++++ Supplied data ++++
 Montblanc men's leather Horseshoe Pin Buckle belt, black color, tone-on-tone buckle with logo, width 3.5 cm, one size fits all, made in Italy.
++++
++++ Supplied data ++++
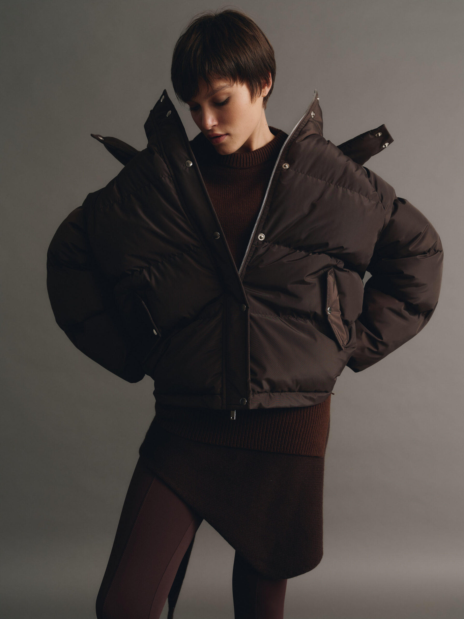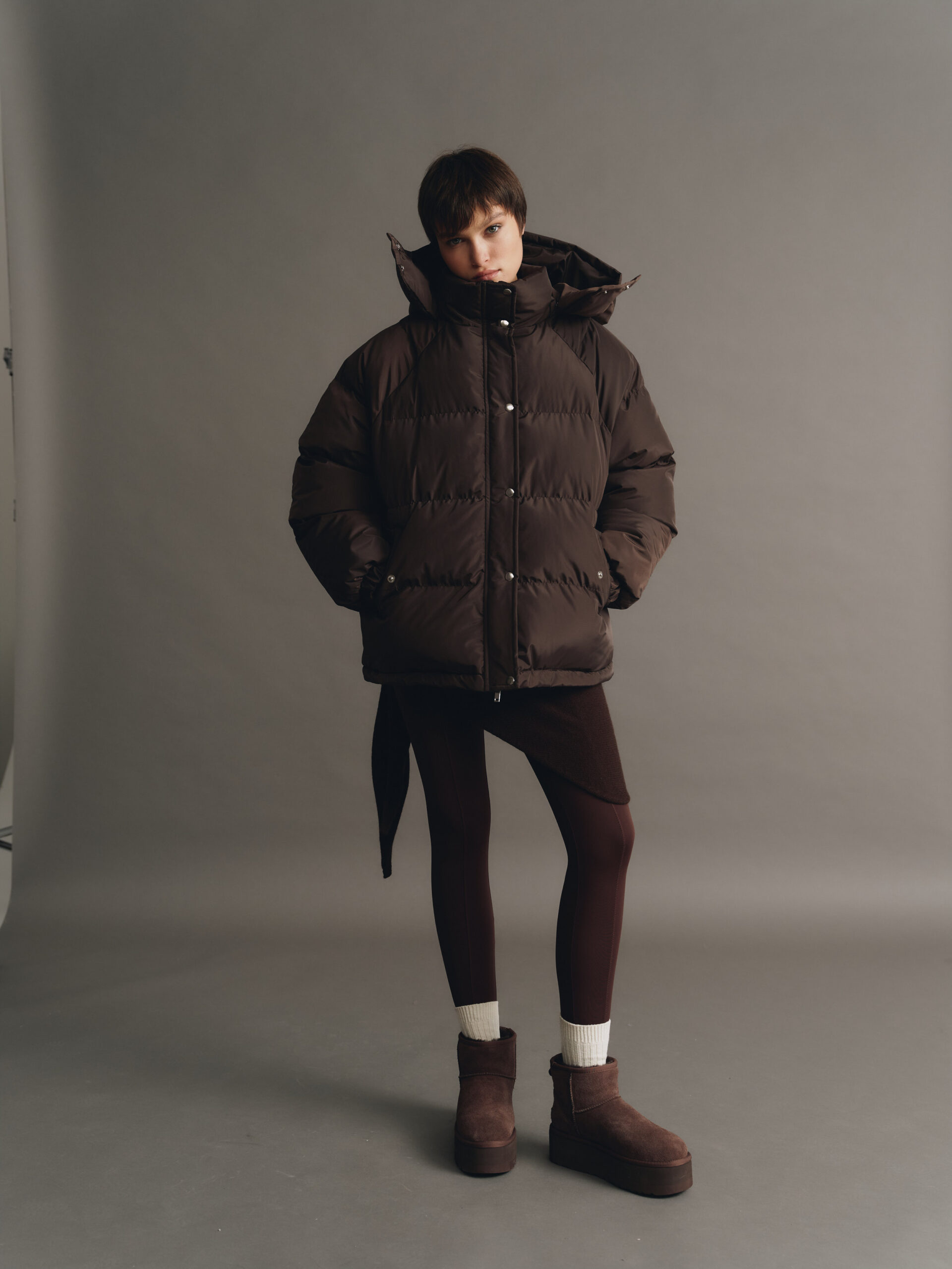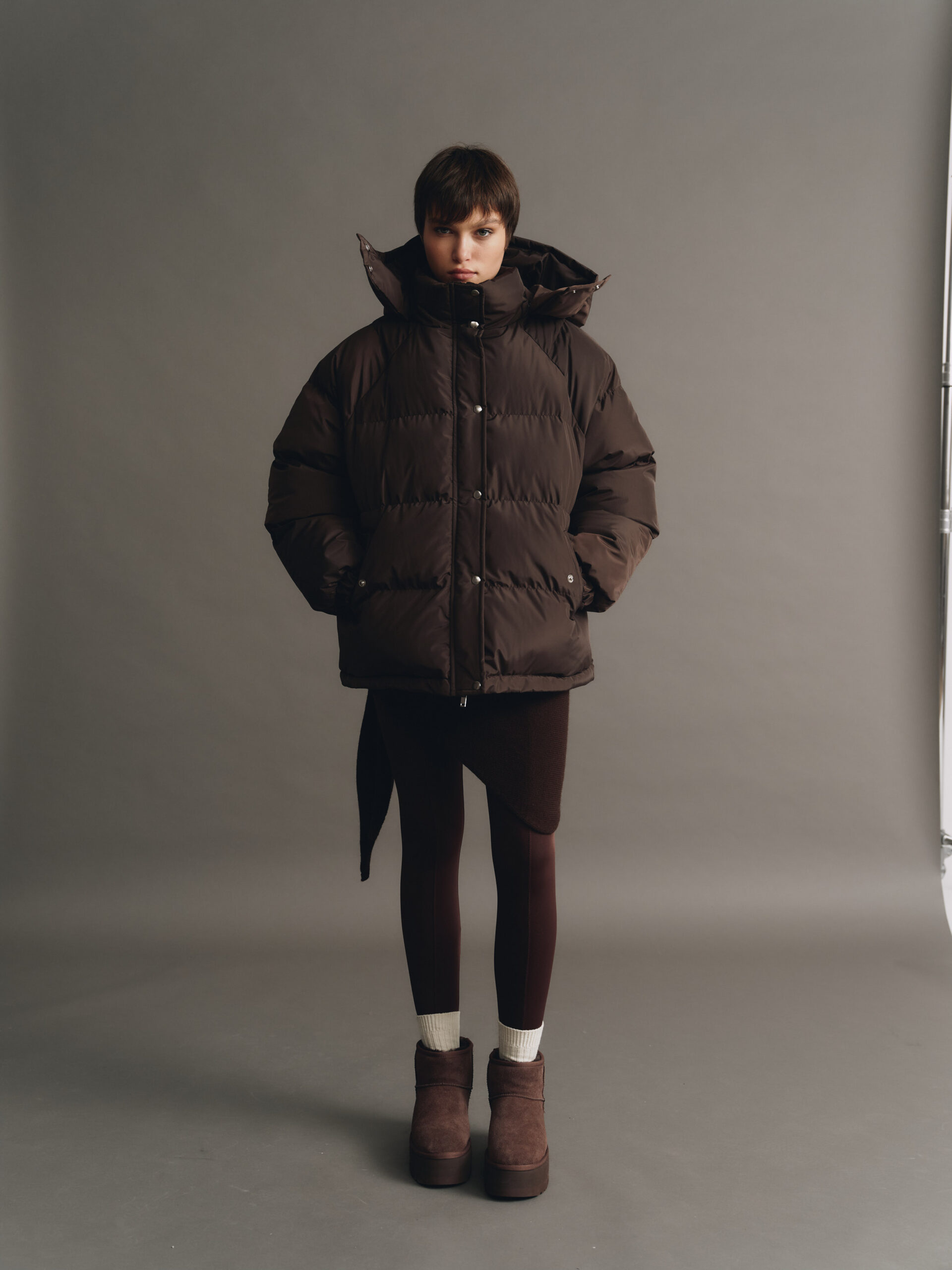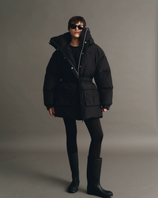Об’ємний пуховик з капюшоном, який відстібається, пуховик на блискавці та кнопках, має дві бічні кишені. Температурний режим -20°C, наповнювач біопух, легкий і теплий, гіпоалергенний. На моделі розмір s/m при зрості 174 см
++++
++++ Supplied data ++++
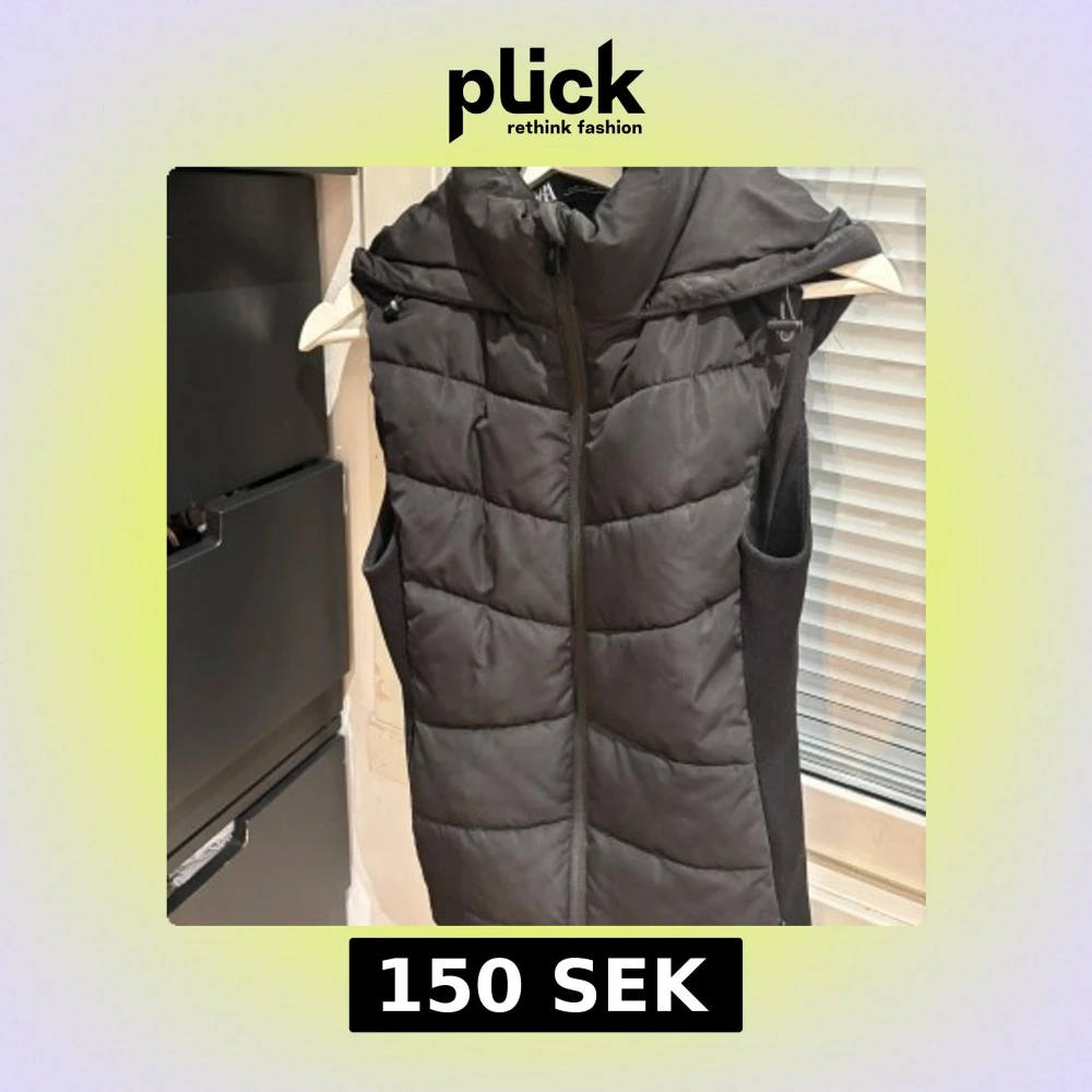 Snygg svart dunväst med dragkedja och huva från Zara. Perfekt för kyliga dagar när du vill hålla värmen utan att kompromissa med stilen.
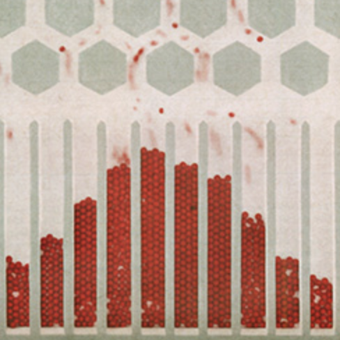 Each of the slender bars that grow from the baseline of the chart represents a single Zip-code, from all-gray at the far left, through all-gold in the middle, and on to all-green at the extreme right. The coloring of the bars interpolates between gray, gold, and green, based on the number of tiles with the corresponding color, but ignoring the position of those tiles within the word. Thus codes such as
++++
**Instructions for the task**. Look back over the records above. Reproduce exactly everything from the line with "Snygg svart dunväst" down to the line with "Each of the", inclusive, and leave the pictures out.

**Response box**.
 Snygg svart dunväst med dragkedja och huva från Zara. Perfekt för kyliga dagar när du vill hålla värmen utan att kompromissa med stilen.
 Each of the slender bars that grow from the baseline of the chart represents a single Zip-code, from all-gray at the far left, through all-gold in the middle, and on to all-green at the extreme right. The coloring of the bars interpolates between gray, gold, and green, based on the number of tiles with the corresponding color, but ignoring the position of those tiles within the word. Thus codes such as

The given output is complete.